Prejudice fuels the denial of rights for LGBTI people worldwide: UN Human Rights Commissioner
RECENTLY, new laws have been adopted to punish, or silence, lesbians and gays in a number of countries. Such laws, and the resulting discrimination — which often affects transgender people too — violate universal human rights.
Last month, thousands of Ugandans joined a “celebration” of the country’s new Anti-Homosexuality Act, which punishes gays and lesbians with life in jail and cracks down on human rights organisations that defend them. In January, Nigeria’s president signed new legislation that punishes same-sex unions with up to 14 years in jail. They are among at least 77 countries that criminalise homosexuality. Five — including Saudi Arabia and Iran — prescribe the death penalty for adult, consensual homosexual relationships.
In several countries in eastern Europe and Central Asia, MPs have recently called for laws to punish any attempt to present “non-traditional” — and specifically, homosexual — relationships in a positive light, restricting freedom of expression and assembly. In both Kenya and the Democratic Republic of Congo, MPs have called for severe anti-homosexuality legislation. Brunei’s new penal code, which is due to take effect shortly, prescribes the death penalty for consensual same-sex conduct. In February, during a televised speech to commemorate the country’s independence, the Gambian President called for the country to fight homosexuals “the same way we are fighting malaria-causing mosquitoes, if not more aggressively.”
This apparent hardening of attitudes targeting lesbian, gay, bisexual and trans* (LGBT) people may be a deliberate tactic — fuelled by well-funded religious groups — to distract attention from real problems such as poverty. Homophobia panders to prejudice and misconceptions. Among them: the notion that homosexuality is somehow “unnatural”; that gay people are more likely to be paedophiles or target children; that decriminalising homosexuality will automatically lead to same-sex marriage; or that equal rights for LGBT people will somehow infringe religious freedom.
In reality, homosexuality is a fact of nature, observed in every human society throughout history. It has been tolerated for centuries in many societies, and has only recently surfaced as a political issue. There is no evidence whatsoever that homosexuals “target” children more often than heterosexuals do — paedophilia is a crime, whether the perpetrator is homosexual or heterosexual, and nobody wishes to change that. Calling for an end to the persecution of LGBT people is a call to end discrimination and violence, a basic premise of our universal human rights. It is unrelated to same-sex marriage, a topic that societies may choose to debate at the national level. Furthermore, religious freedom does not mean the freedom to persecute, or to act with prejudice and bigotry.
To counter these prejudices, my office last year launched Free and Equal — an unprecedented United Nations campaign to raise awareness of the rights of LGBT people. We did so because human rights are for all human beings. Discrimination on the basis of sexual orientation is just as irrational, just as wrong, as discrimination on the basis of skin colour and just as clearly violates human rights.

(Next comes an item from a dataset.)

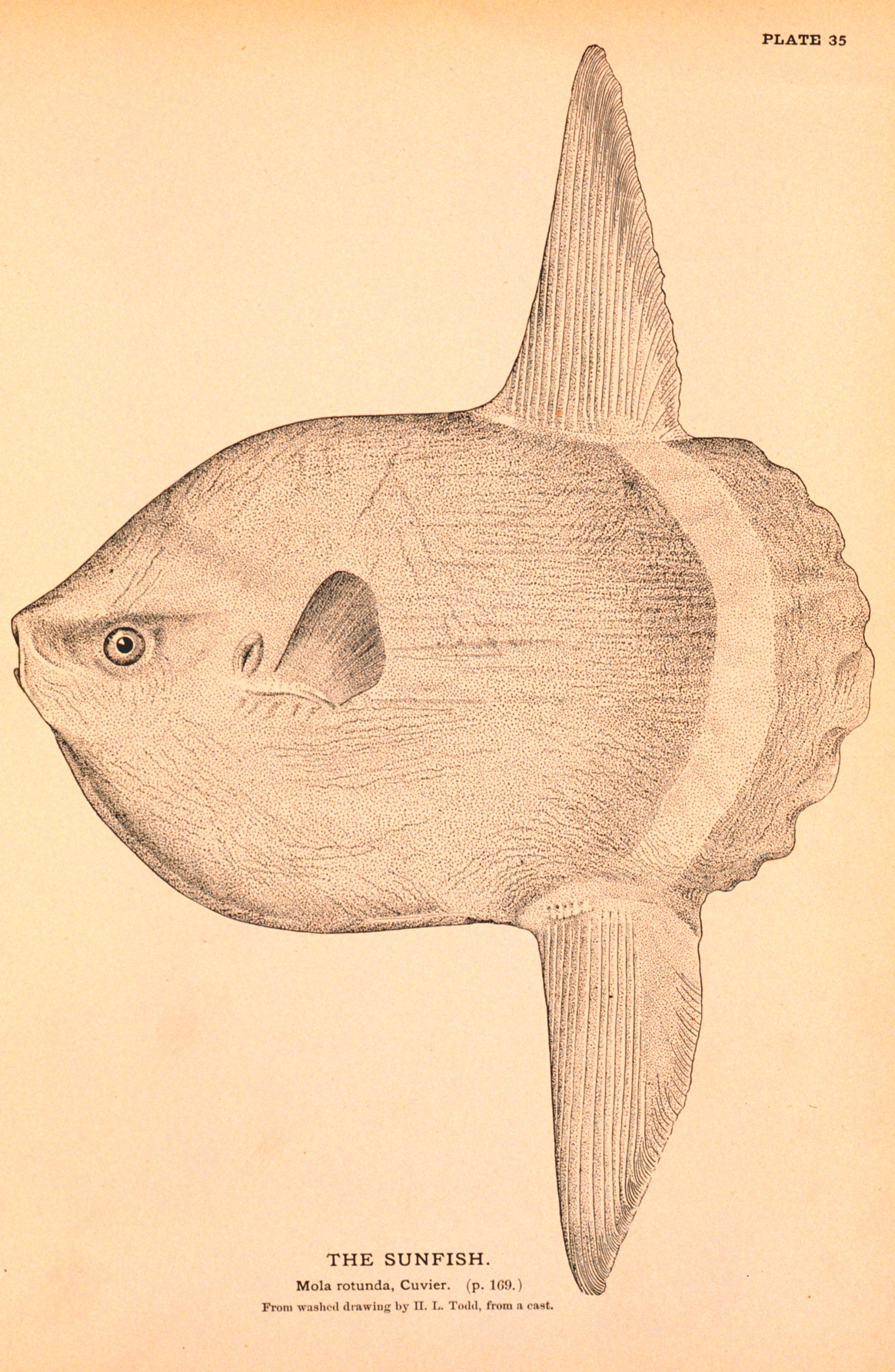 Engraving of Sunfish Mola mola, from the Natural History of Useful Aquatic Animals.

Moreover, the resulting violence endured by so many LGBT people is appalling, because laws generate action. Police action — such as the recent raid on a health project in Uganda because it was allegedly “training youths in homosexuality”. Judicial action — such as the trials and jail sentences for people who should not be seen as criminals. And action by members of the public, as one side-effect of such laws is likely to be that people feel they can sanction physical abuse of LGBT people, vandalism to their property, death threats and the so-called “corrective rape” of lesbians. Another unintended side-effect is blackmail. Even a false claim that someone is gay may create such reputational damage and legal difficulty that he or she will pay for silence.
Some may argue that time will eventually take care of this problem. In the past, LGBT people faced prosecution by the legal systems of many countries where they can now live freely.
But we cannot wait. If any other group of millions of individuals were to be forced to live with such fear and stigma, the international community would surely unite in condemnation and demand action now. The fact that some countries refuse to recognise the scale of the problem — and that some actively fuel the flames of prejudice — makes it more urgent, not less, to keep pressing for change. The key will be enabling a better-informed debate that dispels innuendo, myth and slander — and reminds us that LGBT people have an equal right to dignity and freedom.
Navi Pillay is the United Nations High Commissioner for Human Rights.